CF 104568B - Red Tape Committee
We are asked to assemble a committee of exactly K people from a pool of N candidates. Each candidate behaves independently, and each one has a known probability Pi of voting “Yes”. A vote is always either Yes or No, so each candidate is a biased coin flip.
CF 104568B - Red Tape Committee
Rating: -
Tags: -
Solve time: 59s
Verified: yes
Solution
Problem Understanding
We are asked to assemble a committee of exactly K people from a pool of N candidates. Each candidate behaves independently, and each one has a known probability Pi of voting “Yes”. A vote is always either Yes or No, so each candidate is a biased coin flip.
Once the committee is chosen, all K members vote, and we care about the probability that the final result is a tie, meaning exactly K/2 votes are Yes and K/2 are No. The task is not to analyze a fixed committee, but to choose which K people to include so that this tie probability is as large as possible.
The input consists of multiple test cases. For each one, we are free to pick any subset of size K, and then we compute the probability distribution induced by independent Bernoulli variables on that subset. The output is the maximum possible probability of landing exactly at K/2 successes.
The constraints imply that brute forcing all subsets is impossible once N grows. Even for moderate N, the number of ways to choose K people is combinatorial, on the order of C(N, K), which becomes astronomically large for N = 200. Even evaluating a single committee requires computing a distribution over K+1 possible vote totals, which already suggests a quadratic dependency on K. This immediately rules out any approach that tries to enumerate committees directly.
A subtle failure case for naive reasoning is assuming that picking people with probabilities closest to 0.5 is always optimal. That intuition is often correct in isolation but fails when combined selection interacts non-linearly.

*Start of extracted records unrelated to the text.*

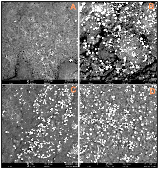 SEM images taken to confirm the presence of cells on the scaffold surface: (A) 8% alginate/6% gelatin printed scaffold alone, (B) scaffold containing 7-day-cultured Fibroblast and HaCaT cells, (C) scaffold containing 14-day-cultured Fibroblast and HaCaT cells, and (D) scaffold containing 21-day-cultured Fibroblast and HaCaT cells.
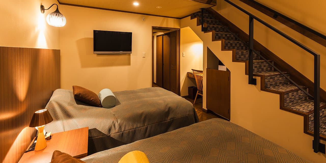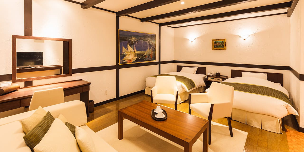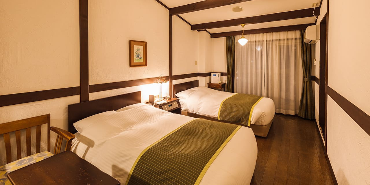 客室は木の温もりあふれるナチュラルな造りで、ヨーロッパの山荘を思わせる落ち着いた空間。コンフォートツイン以上の客室には展望風呂も備え、自然に包まれながら心ゆくまで寛ぐことができます。
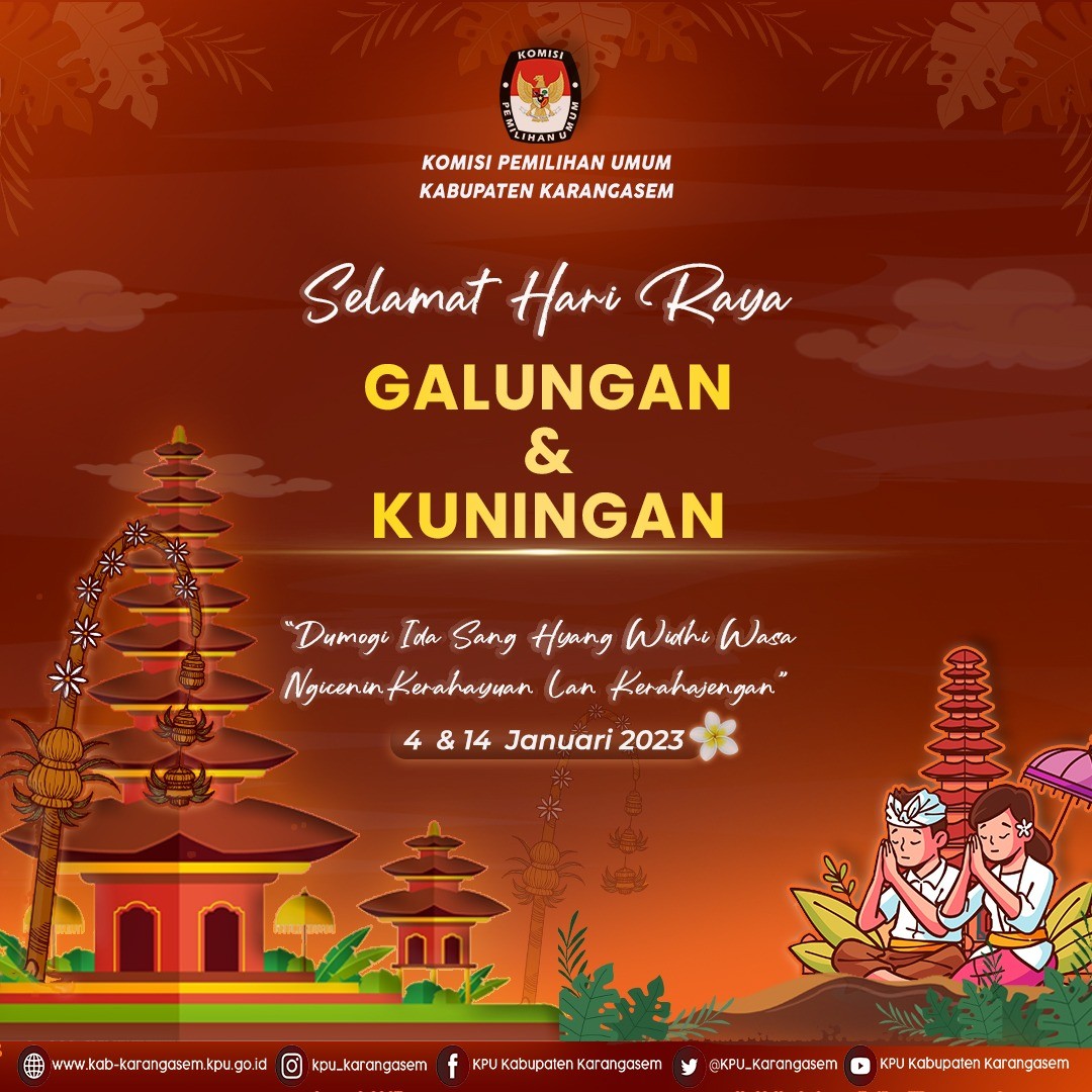 SELAMAT MERAYAKAN HARI RAYA GALUNGAN DAN KUNINGAN Rabu, 04 Januari 2023 05:00 500 Segenap Jajaran Komisi Pemilihan Umum Kabupaten Karangasem mengucapkan Selamat Hari Raya Galungan & Kuningan. Semoga Tuhan Yang Maha Esa memberikan kesejahteraan dan keselamatan bagi kita semua. Baca Selengkapnya
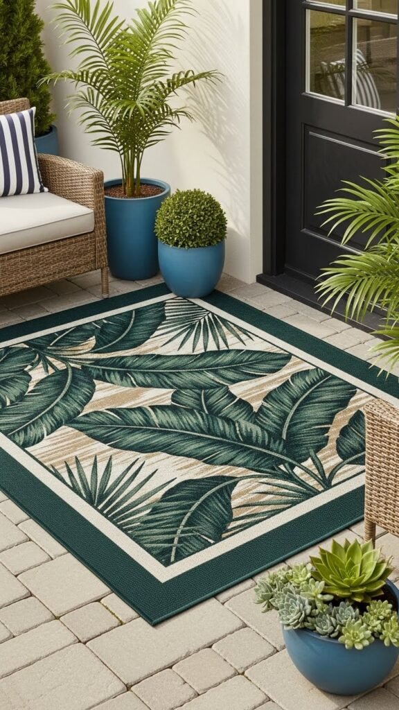 Bring a leaf-print rug onto your patio to conjure that luxe, tropical-resort vibe—think bold banana leaves, palm fronds, or layered philodendron silhouettes rendered in deep greens and sun-faded neutrals.
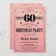 60th Birthday Black and Pink Rose Gold Glitter Invitation

For example, consider probabilities 0.49, 0.51, 0.9, 0.1 with K = 2. Greedily picking the two closest to 0.5 gives 0.49 and 0.51, but picking 0.1 and 0.9 yields a deterministic tie with probability 1.0. The correct solution must consider interactions between chosen probabilities, not just their individual balance.
Approaches
A direct approach fixes a subset of K people and computes the probability that exactly K/2 of them vote Yes. For a fixed subset, this is a classic convolution of K independent Bernoulli distributions. Each candidate contributes a two-term polynomial, where the coefficient of x^0 is (1 − Pi) and the coefficient of x^1 is Pi. Multiplying all K polynomials gives a degree-K polynomial, and the coefficient at x^(K/2) is the tie probability.
This computation for one subset costs O(K^2), because each new person updates the DP distribution by shifting and mixing probabilities. However, the difficulty is that we do not know which K people to choose.
If we brute force all subsets of size K, we would need to evaluate C(N, K) possibilities, and each evaluation costs O(K^2), leading to an exponential explosion that is completely infeasible for N up to 200.
The key observation is that we do not need to decide the subset explicitly in a combinatorial way. Instead, we can build it incrementally using dynamic programming over items, tracking both how many people we have selected and what distribution over vote counts we can achieve.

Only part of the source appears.